Reading Blue Coat School - The Talbot

The Talbot

The School was originally accommodated in an old building situated at the corner of Silver Street and London Street known as 'The Talbot' in one of the oldest parts of Reading. The house, once an old inn, was in a dilapidated condition. Owing to litigation in connection with Aldworth's will, it was not until 1660, the year of Charles II's restoration, that the first boys entered the School to be taught. Despite many difficulties at the outset, the School flourished and even received generous subventions from local benefactors such as William Malthus and John West. Malthus also left a certain sum for an annual sermon to be preached to the boys, a tradition still maintained in Reading at the end of each summer term.
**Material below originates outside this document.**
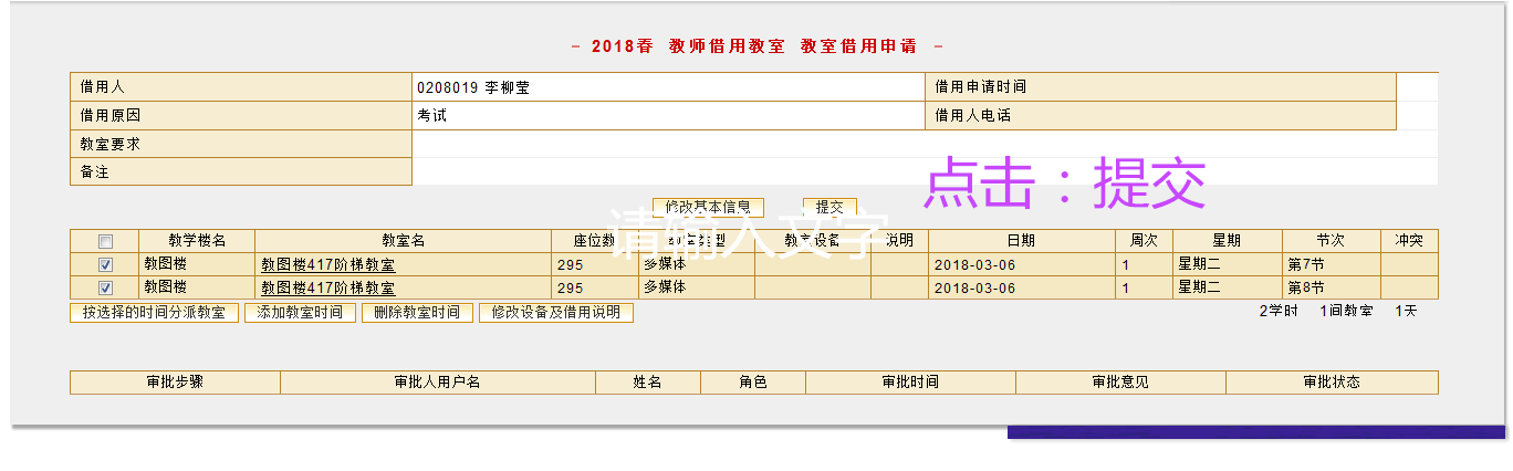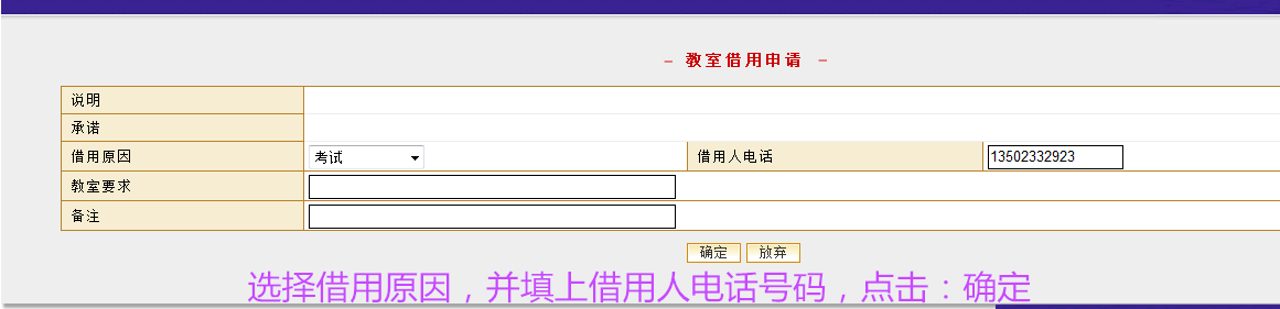 可选借用原因:上课、 百科知识讲座、考试、学生社团活动(禁止唱歌跳舞等影响其它教室上课的行为)、开会、院系讲座

In 1666, Sir Thomas Rich of Holme Park, Sonning, gave the Corporation the sum of £1,000 to "maintain six poor boys in Aldworth's Hospital, three of whom to be chosen from the parish of Sonning". In 1947, the new School moved to its current home on Rich's estate. Indeed, the present Holme Park mansion is situated within a few hundred yards of Rich's own manor house, an old residence which in turn had been built near an ancient but ruined palace that had belonged to the Bishops of Salisbury long before the Norman Conquest in 1066.
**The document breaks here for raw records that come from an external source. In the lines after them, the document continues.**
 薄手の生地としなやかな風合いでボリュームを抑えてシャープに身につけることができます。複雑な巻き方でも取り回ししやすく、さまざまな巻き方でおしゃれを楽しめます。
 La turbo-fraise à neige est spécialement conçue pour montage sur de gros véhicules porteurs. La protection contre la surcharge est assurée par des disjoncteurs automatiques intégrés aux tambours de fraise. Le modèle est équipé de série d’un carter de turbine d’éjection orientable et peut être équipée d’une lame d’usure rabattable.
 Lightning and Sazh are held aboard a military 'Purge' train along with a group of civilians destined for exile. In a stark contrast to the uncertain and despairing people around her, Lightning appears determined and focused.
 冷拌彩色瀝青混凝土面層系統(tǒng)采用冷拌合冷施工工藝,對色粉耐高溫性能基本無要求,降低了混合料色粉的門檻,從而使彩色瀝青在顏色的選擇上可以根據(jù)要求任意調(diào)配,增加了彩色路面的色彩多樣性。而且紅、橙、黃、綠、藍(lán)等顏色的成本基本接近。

The 'Talbot' was not at all suited to the needs of a growing school, and soon the Corporation, as Trustees, decided to replace it with a more modern structure in 1723. That the School's reputation and circumstances stood at a low ebb is further confirmed by an order of the Trustees that "the Master of the Blue Coat School do not suffer the boys to play about the streets but that they be kept within the limits of the said School between and after School times, and that the Master go with the said children to the Parish Church of St Laurence every Sunday". This they unfailingly did, every Sunday until 1946. In these premises the School was to remain until 1852 when it removed to the more commodious Brunswick House on the Bath Road in Reading. For nearly 90 years, generations of Blue Coat boys were to be educated there in 'the three Rs', many proceeding to a variety of local apprenticeships, trades and professions.